Title :
Musical Source Clustering and Identification in Polyphonic Audio
Author :
Arora, Vipul ; Behera, Laxmidhar
Author_Institution :
Dept. of Electr. Eng., Indian Inst. of Technol., Kanpur, Kanpur, India
Abstract :
For music transcription or musical source separation, apart from knowing the multi-F0 contours, it is also important to know which F0 has been played by which instrument. This paper focuses on this aspect, i.e. given the polyphonic audio along with its multiple F0 contours, the proposed system clusters them so as to decide `which instrument played when.´ For the task of identifying the instrument or singers in the polyphonic audio, there are many supervised methods available. But many times individual source audio is not available for training. To address this problem, this paper proposes novel schemes using semi-supervised as well as unsupervised approach to source clustering. The proposed theoretical framework is based on auditory perception theory and is implemented using various tools like probabilistic latent component analysis and graph clustering, while taking into account various perceptual cues for characterizing a source. Experiments have been carried out over a wide variety of datasets - ranging from vocal to instrumental as well as from synthetic to real world music.
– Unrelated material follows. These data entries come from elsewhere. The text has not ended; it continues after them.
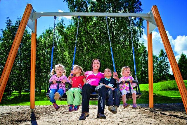 Fantastiskas šūpoles, kurās vienlaicīgi var sēdēt un šūpoties līdz 5 cilvēkiem - 3 vietas uz vidējā rāmja un 2 mazi bērni sānos bērnu sēdeklīšos.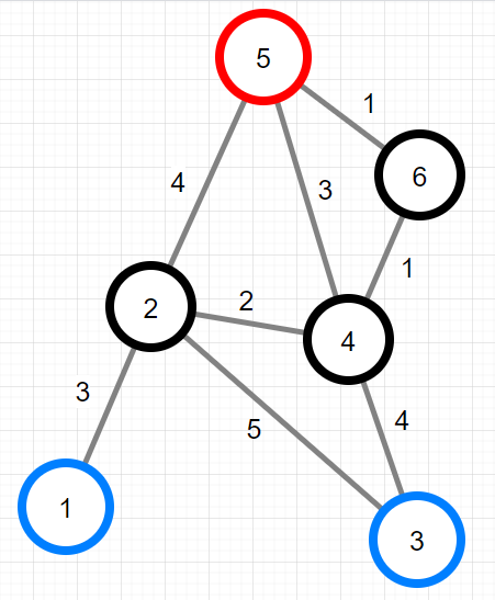 - 위 그림에서 원에 적힌 숫자는 지점의 번호를 나타내며, 1, 3번 지점에 출입구, 5번 지점에 산봉우리가 있습니다. 각 선분은 등산로를 나타내며, 각 선분에 적힌 수는 이동 시간을 나타냅니다. 예를 들어 1번 지점에서 2번 지점으로 이동할 때는 3시간이 소요됩니다.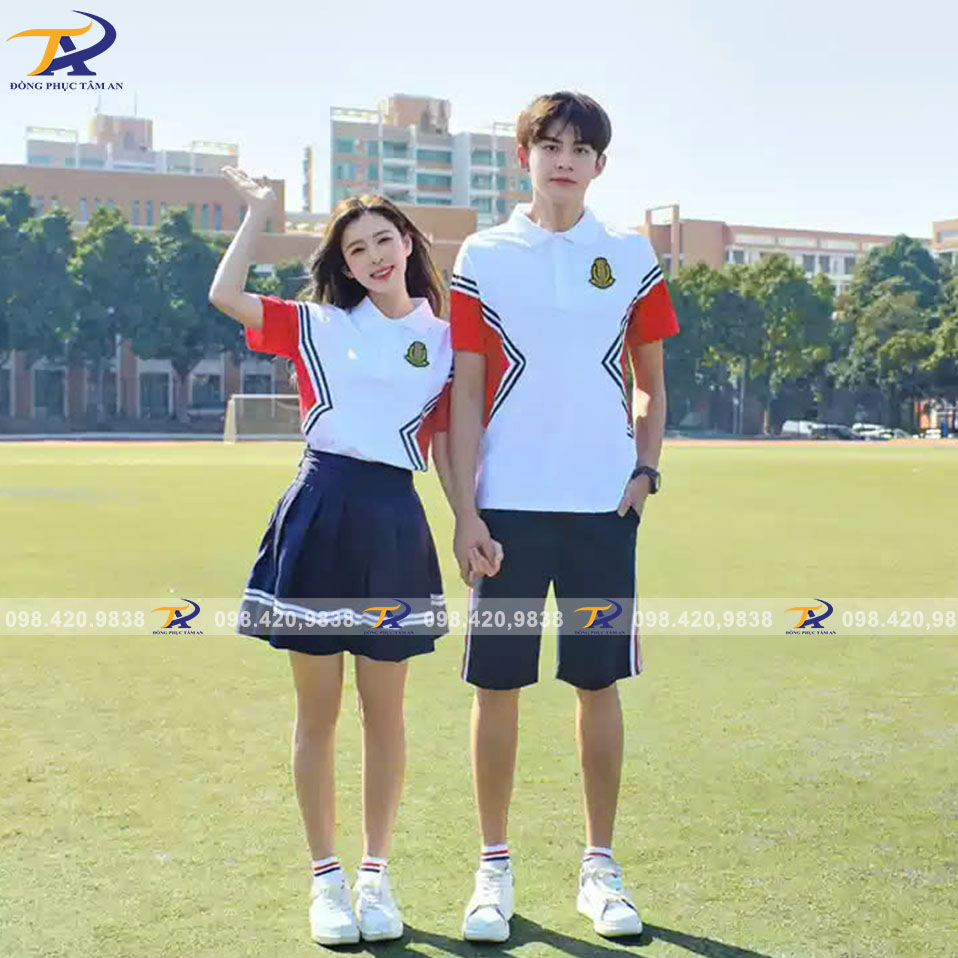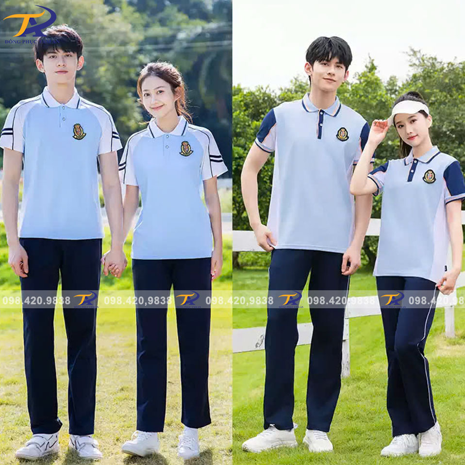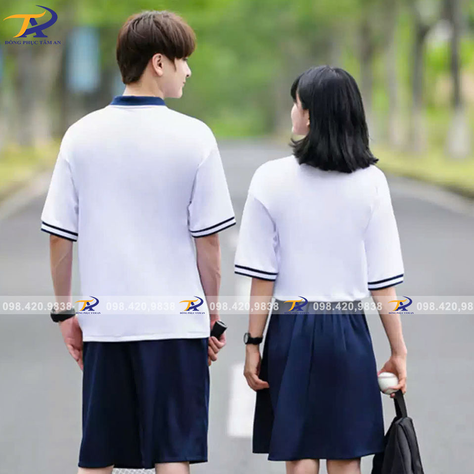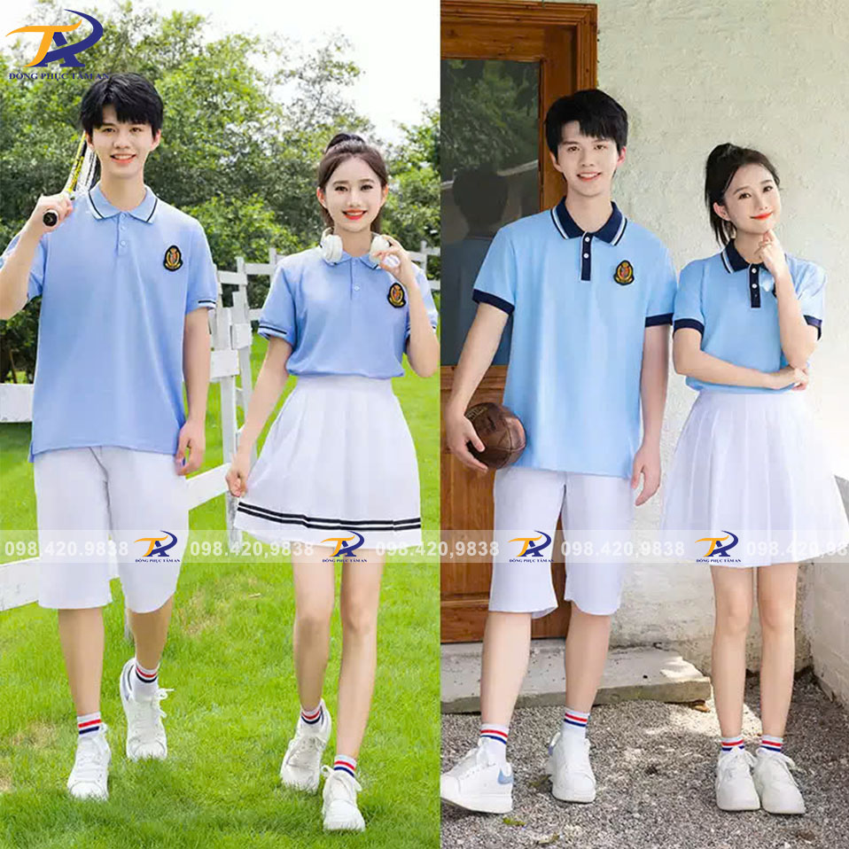 - Màu sắc tươi sáng, dễ phối đồ: Màu áo đa dạng từ trắng, xanh dương, đỏ, xám đến các màu sắc khác tùy theo yêu cầu của trường học, giúp đồng phục luôn hài hòa và nổi bật.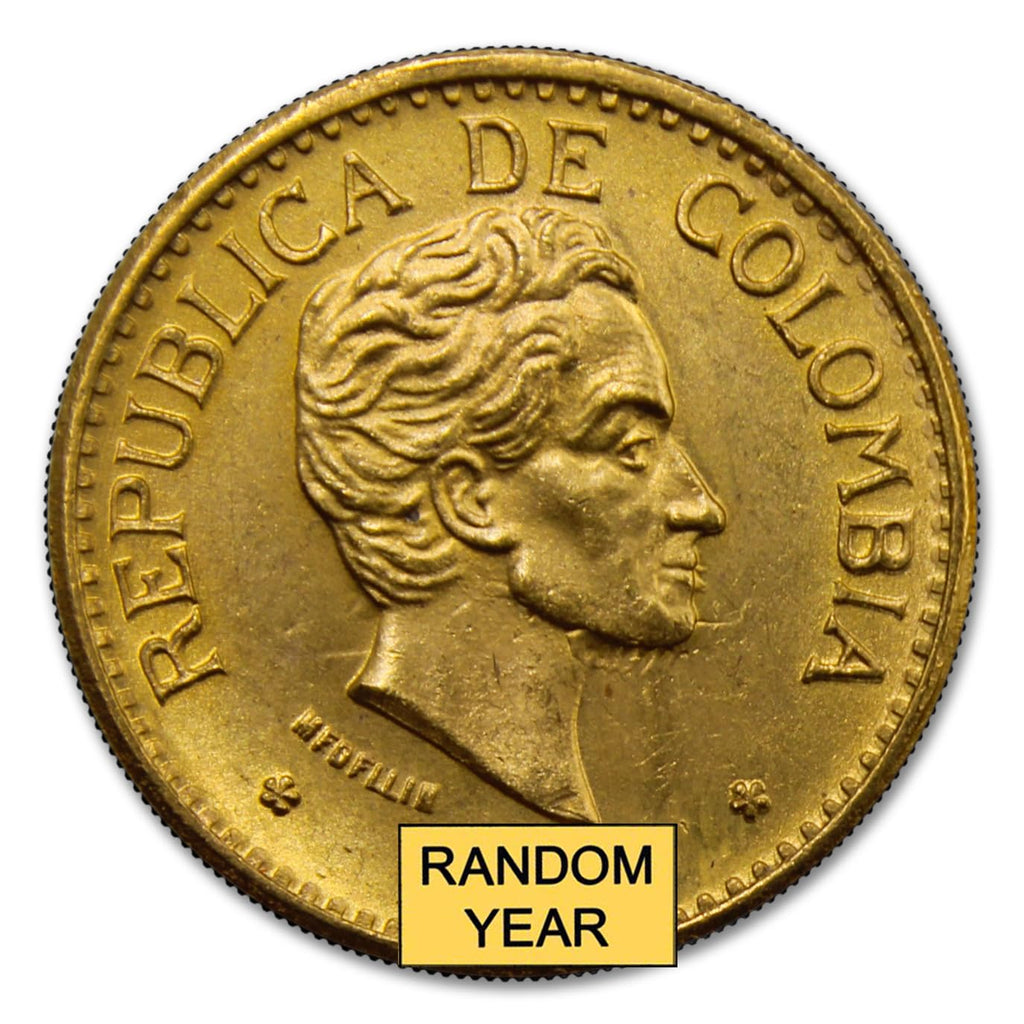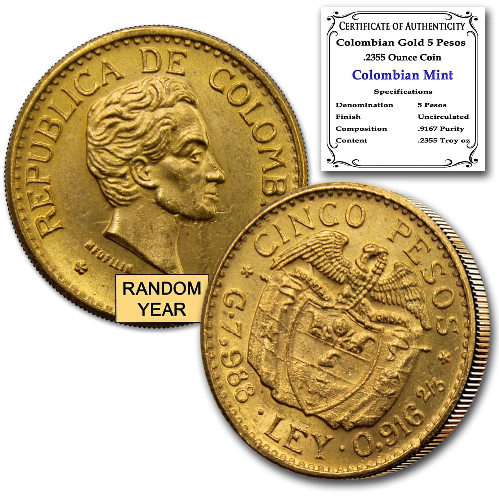 1919-1930 (Random Year) Colombia Gold 5 Peso Coin About Uncirculated (Type 1 or Type 2) with Certificate of Authenticity - Moneda de Oro Puro de 5 Pesos 5 COP AU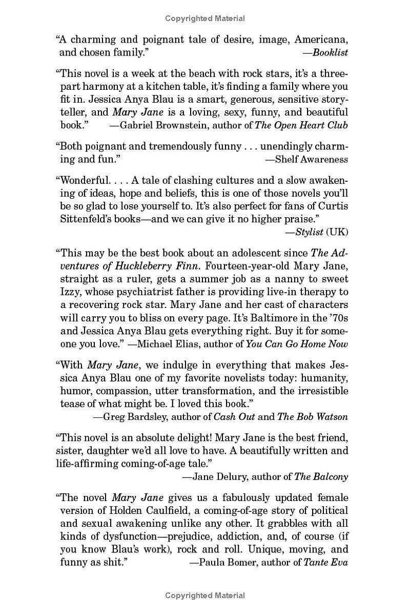 The house may look respectable on the outside, but inside it’s a literal and figurative mess: clutter on every surface, Impeachment: Now More Than Ever bumper stickers on the doors, cereal and takeout for dinner. And even more troublesome (were Mary Jane’s mother to know, which she does not): the doctor is a psychiatrist who has cleared his summer for one important job—helping a famous rock star dry out. A week after Mary Jane starts, the rock star and his movie star wife move in.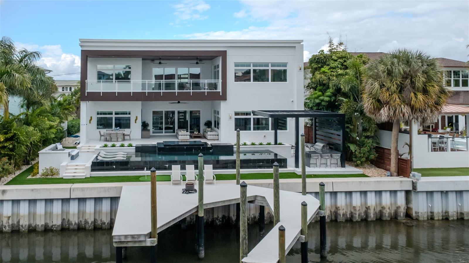 This one-of-a-kind waterfront retreat in South Tampa offers the ultimate blend of modern luxury and thoughtful accessibility. Situated on a .23-acre cul-de-sac lot, this custom 2-story all-block residence is built on pilings with impact windows and doors for peace of mind.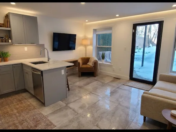 1 BR / 1BA on the top floor (2nd floor, one flight up) of our brick townhouse. We are two designers (and two kids) and we live in the duplex downstairs. The block is beautiful and wide, so lots of sunlight in the south-facing front and enough darkness in the north-facing back where the bedroom is. We have a great tight-knit community and it's an awesome place to live.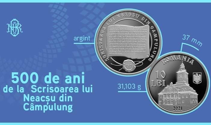 Începând cu data de 13 septembrie 2021, Banca Naţională a României va lansa în circuitul numismatic o monedă din argintcu tema 500 de ani de la Scrisoarea lui Neacșu din Câmpulung, cel mai vechi document păstrat scris în limba română. Aversul monedei redă o imagine a Casei Sfatului din Brașov, inscripția în arc de cerc „ROMANIA”, valoarea nominală „10 LEI”, stema României și anul de emisiune „2021”. Reversul monedei prezintă un fragment din textul Scrisorii luiNeacșu din Câmpulung, inscripția circulară „SCRISOAREA LUI NEACSU DIN CAMPULUNG” și anul „1521” plasat într-un sigiliu. Monedele din argint,…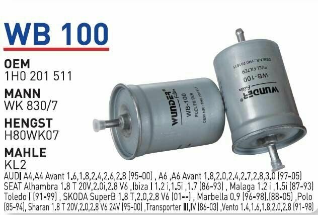 Отзывы на WUNDER-FILTER WB100 Фильтр топливный AD VW BMW MB NISSAN WUNDER FILTER WB100 1шт

The proposed scheme significantly outperforms a state of the art unsupervised scheme, which does not make use of the given F0 contours. The proposed semi-supervised approach also performs better than another semi-supervised scheme, which makes use of the given F0 information, in terms of computations as well as accuracy.
Keywords :
acoustic signal processing; audio signal processing; graph theory; information retrieval; music; musical instruments; pattern clustering; probability; statistical analysis; unsupervised learning; acoustic scene analysis; auditory perception theory; graph clustering; multiF0 contours; music information retrieval; music transcription; musical source clustering; musical source identification; musical source separation; polyphonic audio; polyphonic instrument identification; probabilistic latent component analysis; semi-supervised approach; supervised methods; unsupervised approach; Feature extraction; Harmonic analysis; IEEE transactions; Indexes; Instruments; Speech; Speech processing; Acoustic scene analysis; music information retrieval; polyphonic instrument identification;
Journal_Title :
Audio, Speech, and Language Processing, IEEE/ACM Transactions on
DOI :
10.1109/TASLP.2014.2313404